Przykład działania funkcji `zip1D`:

In [114]:
array = np.array(['A','A','B','A','A','A','A'])

unique_vals, vals_ctr = zip1D(array)
unique_vals, vals_ctr

(['A', 'B', 'A'], [2, 1, 4])

Przykład działania funkcji `zip2D`:

In [115]:
mat = np.array([['A','B','A'], 
                ['B','B','B'], 
                ['A','B','A']])

unique_vals, vals_ctr = zip2D(mat)
unique_vals, vals_ctr

(['A', 'B', 'A', 'B', 'A', 'B', 'A'], [1, 1, 1, 3, 1, 1, 1])

## Załadowanie danych

In [0]:
(X_train, y_train), (X_test, y_test) = load_data()

In [93]:
print(X_train.shape)
print(y_train.shape)

(60000, 28, 28)
(60000,)


## Normalizacja

In [0]:
# X_train = X_train / 255.0
n_samples = len(X_train)
width = len(X_train[0])
height = len(X_train[0][0])
threshold = 128

for n in range(n_samples):
  for x in range(width):
    for y in range(height):
      if X_train[n][x][y] < threshold:
        X_train[n][x][y] = 0
      else:
        X_train[n][x][y] = 1

## Kompresja

In [97]:
X_train_unique_vals = []
X_train_vals_ctr = []

start = datetime.now()
for i in range(len(X_train)):
  current_val, val_ctr = zip2D(X_train[i])
  X_train_unique_vals.append(current_val)
  X_train_vals_ctr.append(val_ctr)

zipping_time = datetime.now() - start
print(zipping_time)

0:00:13.333470


In [98]:
print(len(X_train_vals_ctr))
print(len(X_train_unique_vals))

print(len(X_train_unique_vals[0]))
print(len(X_train_vals_ctr[0]))

60000
60000
47
47


## Znalezienie wektora o największej długości

In [99]:
best_length = 0
for i in range(len(X_train_vals_ctr)):
  if len(X_train_vals_ctr[i]) > best_length:
    best_length = len(X_train_vals_ctr[i])

print(best_length)

101


## Padding

In [100]:
padded_X_train_vals_ctr = np.zeros([len(X_train_vals_ctr), best_length])

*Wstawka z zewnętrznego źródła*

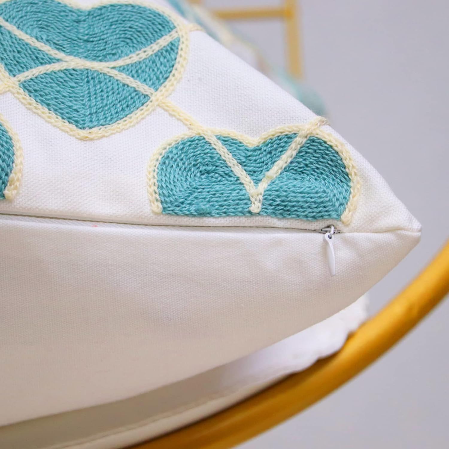 1 PCS Embroidered Throw Pillow Cover Home Decoration Cotton Decorative Square Cushion Cases for Home Sofa Bed and Chair 18 x 18 Inch (Sky Blue)

for i in range(len(X_train_vals_ctr)):
  padded = np.pad(X_train_vals_ctr[i], 
                  pad_width=(best_length - len(X_train_vals_ctr[i]), 0), 
                  mode='constant')
  padded_X_train_vals_ctr[i] = padded

print(padded_X_train_vals_ctr[0].shape)

(101,)


In [101]:
print(padded_X_train_vals_ctr.shape)
print(y_train.shape)

(60000, 101)
(60000,)


## Budowa sieci MLP

In [102]:
model = Sequential()
model.add(InputLayer(input_shape=(padded_X_train_vals_ctr.shape)))
model.add(Dense(units=128, activation='relu'))
model.add(Dropout(0.2))
model.add(Dense(units=10, activation='softmax'))

model.compile(optimizer='adam',
              loss='sparse_categorical_crossentropy',
              metrics=['accuracy'])

model.summary()

Model: "sequential_8"
_________________________________________________________________
Layer (type)                 Output Shape              Param #   
dense_12 (Dense)             (None, 60000, 128)        13056     
_________________________________________________________________
dropout_6 (Dropout)          (None, 60000, 128)        0         
_________________________________________________________________
dense_13 (Dense)             (None, 60000, 10)         1290      
Total params: 14,346
Trainable params: 14,346
Non-trainable params: 0
_________________________________________________________________


## Trening modelu

In [106]:
history = model.fit(padded_X_train_vals_ctr, y_train, epochs=5)

Epoch 1/5
Epoch 2/5
Epoch 3/5
Epoch 4/5
Epoch 5/5